(Beginning of Given information)

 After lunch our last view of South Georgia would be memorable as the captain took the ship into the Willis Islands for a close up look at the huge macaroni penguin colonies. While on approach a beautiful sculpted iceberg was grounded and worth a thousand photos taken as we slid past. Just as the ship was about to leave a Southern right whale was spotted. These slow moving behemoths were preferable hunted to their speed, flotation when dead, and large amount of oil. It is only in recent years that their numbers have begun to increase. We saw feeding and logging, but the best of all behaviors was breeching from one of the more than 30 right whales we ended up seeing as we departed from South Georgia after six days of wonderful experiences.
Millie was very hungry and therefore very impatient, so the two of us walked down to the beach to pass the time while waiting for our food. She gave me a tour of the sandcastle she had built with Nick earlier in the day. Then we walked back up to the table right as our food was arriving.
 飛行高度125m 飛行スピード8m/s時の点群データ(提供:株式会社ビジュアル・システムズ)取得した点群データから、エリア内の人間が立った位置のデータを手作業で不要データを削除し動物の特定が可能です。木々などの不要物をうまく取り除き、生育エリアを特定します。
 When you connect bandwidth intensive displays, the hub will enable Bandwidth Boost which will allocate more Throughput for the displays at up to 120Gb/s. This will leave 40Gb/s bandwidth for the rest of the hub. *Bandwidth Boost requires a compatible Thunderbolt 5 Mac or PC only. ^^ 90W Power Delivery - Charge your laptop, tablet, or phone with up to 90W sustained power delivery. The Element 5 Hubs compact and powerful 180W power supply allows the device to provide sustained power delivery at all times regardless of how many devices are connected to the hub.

(End of Given information)
(Beginning of Given information)

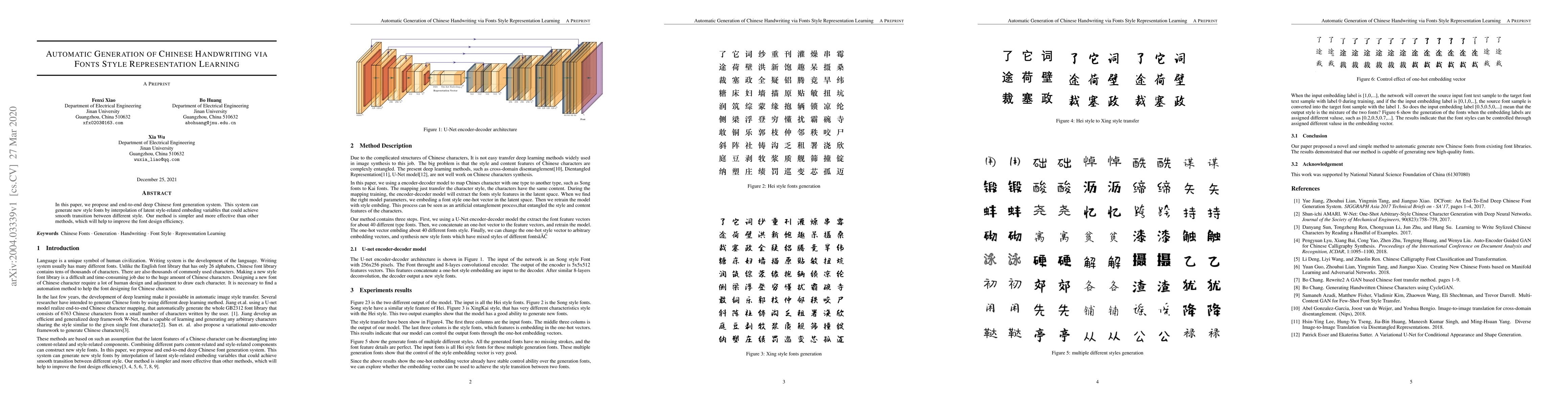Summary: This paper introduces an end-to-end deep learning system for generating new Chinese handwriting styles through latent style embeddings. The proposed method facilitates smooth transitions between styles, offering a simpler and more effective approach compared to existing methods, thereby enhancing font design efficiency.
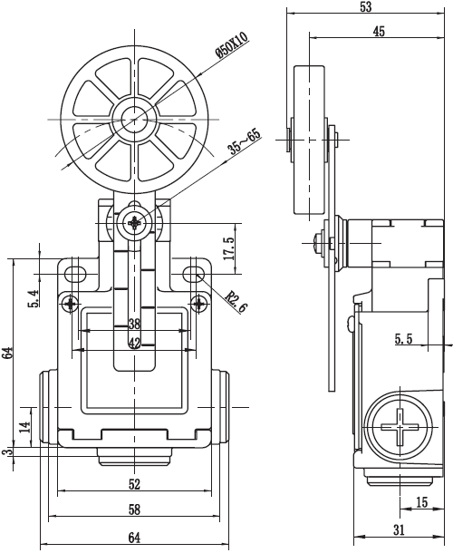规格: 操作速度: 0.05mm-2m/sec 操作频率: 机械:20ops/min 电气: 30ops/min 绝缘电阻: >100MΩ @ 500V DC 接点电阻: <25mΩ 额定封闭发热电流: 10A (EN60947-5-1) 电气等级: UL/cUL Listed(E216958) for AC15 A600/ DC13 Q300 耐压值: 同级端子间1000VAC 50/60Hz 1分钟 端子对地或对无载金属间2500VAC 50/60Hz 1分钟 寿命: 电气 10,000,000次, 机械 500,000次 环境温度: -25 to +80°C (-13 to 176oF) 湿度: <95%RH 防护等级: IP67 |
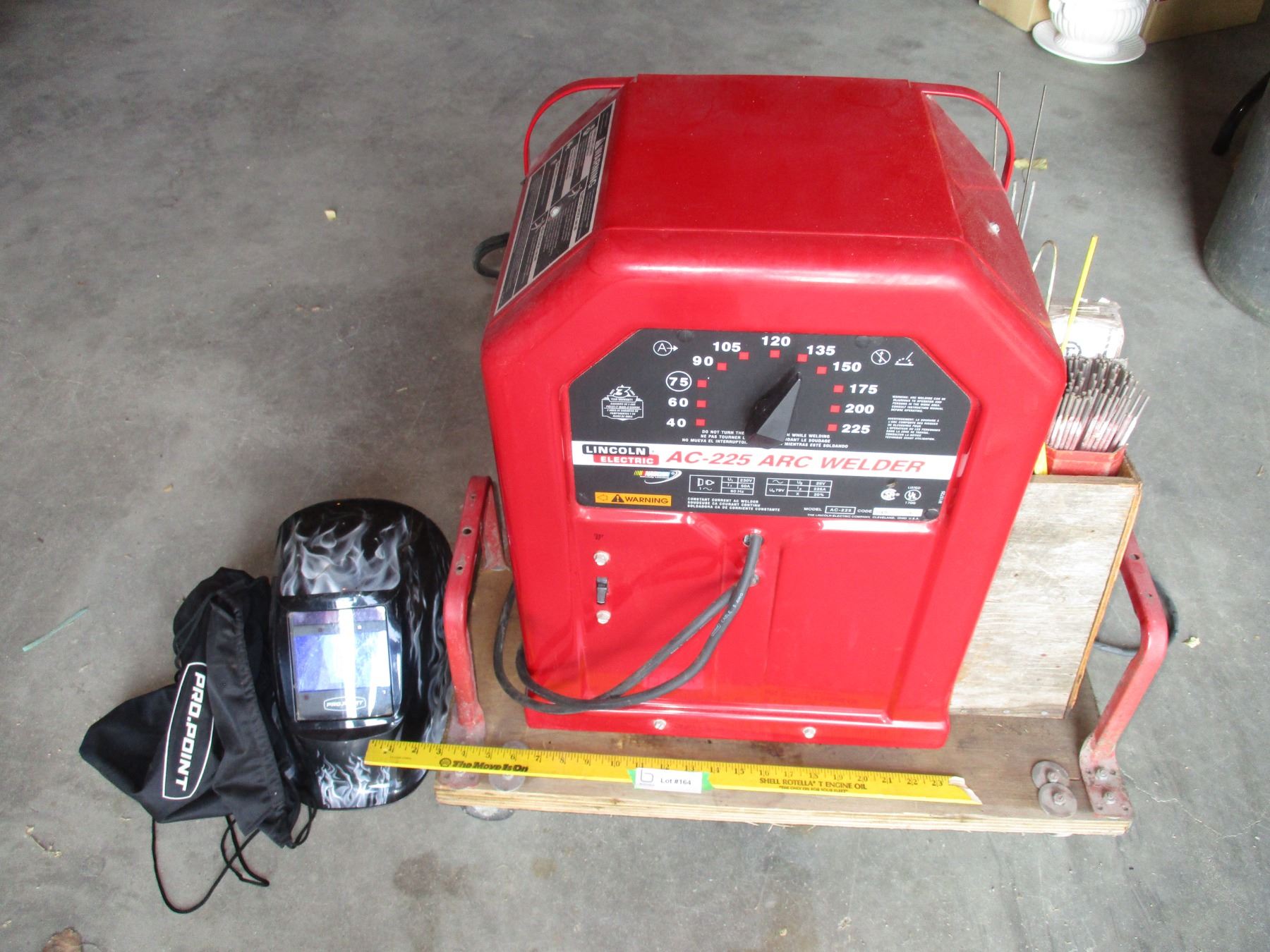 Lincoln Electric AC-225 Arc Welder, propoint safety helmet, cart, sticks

(End of Given information)
(Beginning of Given information)

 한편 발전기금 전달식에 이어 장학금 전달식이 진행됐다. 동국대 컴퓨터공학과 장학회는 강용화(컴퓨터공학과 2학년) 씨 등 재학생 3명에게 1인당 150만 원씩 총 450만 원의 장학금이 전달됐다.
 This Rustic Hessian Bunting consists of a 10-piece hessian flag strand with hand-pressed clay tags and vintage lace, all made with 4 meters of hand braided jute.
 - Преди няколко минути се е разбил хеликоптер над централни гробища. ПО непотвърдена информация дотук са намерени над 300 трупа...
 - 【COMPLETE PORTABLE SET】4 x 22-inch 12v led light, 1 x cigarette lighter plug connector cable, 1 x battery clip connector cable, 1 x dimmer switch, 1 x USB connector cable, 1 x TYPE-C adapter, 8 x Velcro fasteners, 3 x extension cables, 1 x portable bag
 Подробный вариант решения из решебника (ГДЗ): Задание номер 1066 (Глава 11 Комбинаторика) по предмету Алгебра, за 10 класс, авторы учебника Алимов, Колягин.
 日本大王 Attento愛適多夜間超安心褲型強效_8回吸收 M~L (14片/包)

(End of Given information)

Requirement: Could you reproduce, exactly, every line above from the line with "- 【COMPLETE PORTABLE" to the line with "日本大王 Attento愛適多夜間超安心褲型強效_8回吸收 M~L (14片/包)", and no other line? Both ends count.

Exercise answer:
 - 【COMPLETE PORTABLE SET】4 x 22-inch 12v led light, 1 x cigarette lighter plug connector cable, 1 x battery clip connector cable, 1 x dimmer switch, 1 x USB connector cable, 1 x TYPE-C adapter, 8 x Velcro fasteners, 3 x extension cables, 1 x portable bag
 Подробный вариант решения из решебника (ГДЗ): Задание номер 1066 (Глава 11 Комбинаторика) по предмету Алгебра, за 10 класс, авторы учебника Алимов, Колягин.
 日本大王 Attento愛適多夜間超安心褲型強效_8回吸收 M~L (14片/包)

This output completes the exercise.